Si, me acuerdo del río aquel. El Río Carchi. De vez en cuando, molíamos barbasco, y a medianoche, cuando había luna llena, teñíamos el agua de verde con el zumo venenoso. Manolo, el primo mayor, con dos peones más, tendían la red en El Estrecho para atrapar a los peces moribundos. Era en los tiempos de aguas bajas, pues en invierno, solíamos utilizar tacos de dinamita para desmayar a los peces. No había otra forma de financiar los sueños sino era con el dinero que ganábamos vendiendo los peces en los mercados de Tulcán y Cumbal. Lo hacíamos regularmente, alertados por la posibilidad de que se nos adelantaran los peones de las haciendas vecinas. Con el tiempo, tuvimos que competir incluso con los peones de las haciendas del lado ecuatoriano. Llagamos hasta hacer disparos de escopeta al aire para asustarlos cuando los sentíamos bajar en tropel hacia las orillas del Carchi. El Río Carchi no solo nos financiaba los sueños, sino que nos proporcionaba protección internacional. Cuando mis primos y sus amigotes se emborrachaban y apaleaban a los jóvenes del pueblo de Panan (nosotros vivíamos en las casuchas de las haciendas), solían cruzar el río huyendo de la policía, presta a vengar a sus jóvenes pueblerinos.

Se lanzaban a sus aguas gritando consignas a cualquier cosa e insultando la dignidad de la autoridad legítima. Ya del otro lado de la frontera, les enseñaban el trasero a los policías. Dejaron de hacerlo cuando un uniformado le metió un tiro por donde sabemos al primo Manolo. A las aguas de aquel río de nuestra vida, íbamos con mis primas a ahogar los perros recién nacidos de las perras de la hacienda. Los llenábamos en un costal y ya en la orilla, los soltábamos uno a uno. Aun no había lástima ni júbilo en el corazón. Todo era natural como la naturaleza misma. Después de deshacernos de los cachorros, nos metíamos a los vados. A veces, utilizábamos tarros de manteca tapados al vacío para no ahogarnos. Nadábamos el tiempo suficiente para no morirnos de frío. Sin el acoso del tiempo, éramos lo suficiente para ser felices. Años más tarde, los contrabandistas cerraron para siempre aquella maravillosa época de gloria.

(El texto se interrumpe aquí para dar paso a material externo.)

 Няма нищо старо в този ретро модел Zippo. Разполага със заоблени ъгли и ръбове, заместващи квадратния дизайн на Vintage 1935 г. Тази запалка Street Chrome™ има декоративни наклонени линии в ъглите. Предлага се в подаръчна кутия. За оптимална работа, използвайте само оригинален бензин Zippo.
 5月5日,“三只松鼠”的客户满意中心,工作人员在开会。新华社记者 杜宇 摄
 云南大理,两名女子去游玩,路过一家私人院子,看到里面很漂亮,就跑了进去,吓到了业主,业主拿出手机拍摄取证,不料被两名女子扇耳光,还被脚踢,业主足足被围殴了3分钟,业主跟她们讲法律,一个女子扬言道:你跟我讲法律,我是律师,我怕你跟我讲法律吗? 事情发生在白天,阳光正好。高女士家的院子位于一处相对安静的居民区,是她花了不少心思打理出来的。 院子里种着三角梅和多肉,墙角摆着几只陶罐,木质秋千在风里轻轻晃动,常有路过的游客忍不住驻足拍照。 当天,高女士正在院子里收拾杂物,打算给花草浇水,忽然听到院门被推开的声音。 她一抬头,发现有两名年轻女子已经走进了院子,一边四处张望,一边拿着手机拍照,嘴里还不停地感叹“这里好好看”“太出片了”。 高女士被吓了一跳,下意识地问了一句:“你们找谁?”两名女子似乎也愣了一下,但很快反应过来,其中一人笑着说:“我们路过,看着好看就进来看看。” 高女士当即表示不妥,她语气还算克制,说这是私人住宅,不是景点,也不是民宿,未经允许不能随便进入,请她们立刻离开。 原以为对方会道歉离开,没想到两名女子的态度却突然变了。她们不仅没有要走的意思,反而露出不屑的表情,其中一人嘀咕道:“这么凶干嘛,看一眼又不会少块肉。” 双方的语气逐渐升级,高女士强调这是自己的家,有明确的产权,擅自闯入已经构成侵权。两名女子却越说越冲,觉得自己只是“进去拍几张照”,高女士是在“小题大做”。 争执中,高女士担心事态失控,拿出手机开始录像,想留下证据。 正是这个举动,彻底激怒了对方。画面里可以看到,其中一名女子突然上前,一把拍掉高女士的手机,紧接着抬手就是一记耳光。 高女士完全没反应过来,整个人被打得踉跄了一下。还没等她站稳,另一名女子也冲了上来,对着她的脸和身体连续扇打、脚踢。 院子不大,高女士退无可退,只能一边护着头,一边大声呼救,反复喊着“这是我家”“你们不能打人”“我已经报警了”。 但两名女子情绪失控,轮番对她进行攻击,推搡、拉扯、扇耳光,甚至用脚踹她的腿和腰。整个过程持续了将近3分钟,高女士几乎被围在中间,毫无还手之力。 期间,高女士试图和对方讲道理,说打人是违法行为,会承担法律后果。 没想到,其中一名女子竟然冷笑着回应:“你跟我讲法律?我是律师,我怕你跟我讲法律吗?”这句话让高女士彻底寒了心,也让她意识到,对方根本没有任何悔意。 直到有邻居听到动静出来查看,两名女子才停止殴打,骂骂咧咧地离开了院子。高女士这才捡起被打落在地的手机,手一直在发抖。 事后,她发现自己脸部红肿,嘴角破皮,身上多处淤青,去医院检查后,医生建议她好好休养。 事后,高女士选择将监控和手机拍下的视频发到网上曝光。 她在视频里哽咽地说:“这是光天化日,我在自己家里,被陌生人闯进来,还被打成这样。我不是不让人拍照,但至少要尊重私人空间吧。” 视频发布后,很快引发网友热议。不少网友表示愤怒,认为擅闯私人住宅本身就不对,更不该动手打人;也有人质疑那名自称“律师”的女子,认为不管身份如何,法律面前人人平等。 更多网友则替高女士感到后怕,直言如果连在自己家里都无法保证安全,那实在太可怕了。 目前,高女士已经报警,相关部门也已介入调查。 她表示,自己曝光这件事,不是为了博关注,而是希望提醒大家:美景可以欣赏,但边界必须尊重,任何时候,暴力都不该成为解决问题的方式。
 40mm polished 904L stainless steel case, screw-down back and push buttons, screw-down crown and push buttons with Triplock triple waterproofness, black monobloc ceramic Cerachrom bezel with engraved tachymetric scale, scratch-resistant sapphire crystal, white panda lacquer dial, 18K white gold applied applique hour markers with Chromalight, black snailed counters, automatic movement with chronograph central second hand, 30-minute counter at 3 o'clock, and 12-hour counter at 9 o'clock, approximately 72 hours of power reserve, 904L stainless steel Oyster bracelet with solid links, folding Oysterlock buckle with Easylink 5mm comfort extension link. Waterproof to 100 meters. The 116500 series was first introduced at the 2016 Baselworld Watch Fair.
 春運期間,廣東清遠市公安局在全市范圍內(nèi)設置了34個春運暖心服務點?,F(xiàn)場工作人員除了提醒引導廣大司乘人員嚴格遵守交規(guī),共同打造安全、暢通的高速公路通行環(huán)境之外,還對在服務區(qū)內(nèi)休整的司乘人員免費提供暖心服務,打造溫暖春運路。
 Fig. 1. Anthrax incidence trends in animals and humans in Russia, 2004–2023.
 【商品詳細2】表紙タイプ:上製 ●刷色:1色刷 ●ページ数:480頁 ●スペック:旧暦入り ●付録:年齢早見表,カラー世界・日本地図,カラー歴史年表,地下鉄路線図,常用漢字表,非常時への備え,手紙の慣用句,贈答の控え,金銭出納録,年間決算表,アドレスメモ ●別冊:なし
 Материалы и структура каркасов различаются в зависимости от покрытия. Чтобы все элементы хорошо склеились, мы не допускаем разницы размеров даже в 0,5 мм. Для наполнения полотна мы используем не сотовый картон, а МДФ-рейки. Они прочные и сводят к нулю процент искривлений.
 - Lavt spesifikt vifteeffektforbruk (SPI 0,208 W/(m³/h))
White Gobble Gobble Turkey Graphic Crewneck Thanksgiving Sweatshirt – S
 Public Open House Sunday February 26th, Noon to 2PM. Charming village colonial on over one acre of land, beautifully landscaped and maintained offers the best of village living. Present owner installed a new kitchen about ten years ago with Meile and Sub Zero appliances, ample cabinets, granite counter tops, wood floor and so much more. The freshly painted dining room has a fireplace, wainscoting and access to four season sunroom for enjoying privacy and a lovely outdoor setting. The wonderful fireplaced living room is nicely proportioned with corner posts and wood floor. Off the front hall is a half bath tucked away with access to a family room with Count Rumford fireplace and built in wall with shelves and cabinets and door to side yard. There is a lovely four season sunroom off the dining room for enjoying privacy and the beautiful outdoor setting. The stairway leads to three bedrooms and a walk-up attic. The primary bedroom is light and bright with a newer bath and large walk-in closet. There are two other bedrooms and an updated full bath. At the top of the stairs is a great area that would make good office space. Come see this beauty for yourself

Con el auge del petróleo en el vecino país, mis primos y sus amigos, y sus enemigos, se fueron a cargar canecas de gasolina, cajas de manteca y jabón, costales de arroz y máquinas de coser que vendían al doble en este lado de la frontera. Sólo sobrevivieron aquellos contrabandistas que ahorraron el dinero suficiente para sobornar a las policías de los dos países, y estos ya no cruzaban el río a medianoche, sino que hacían cola en el Puente Internacional de Rumichaca a la madrugada para pasar los grandes camiones de mercancías. Algunos de mis primos se hicieron millonarios.

Aquellos que tampoco pudieron prosperar con el contrabando, ni con nada, peor con los salarios de miseria, invadieron algunas de las haciendas y echaron a los patrones. El río, supongo, seguirá igual, pero ya no financiará los sueños de nadie, máxime ahora que la guerra nacional se mueve por sus orillas.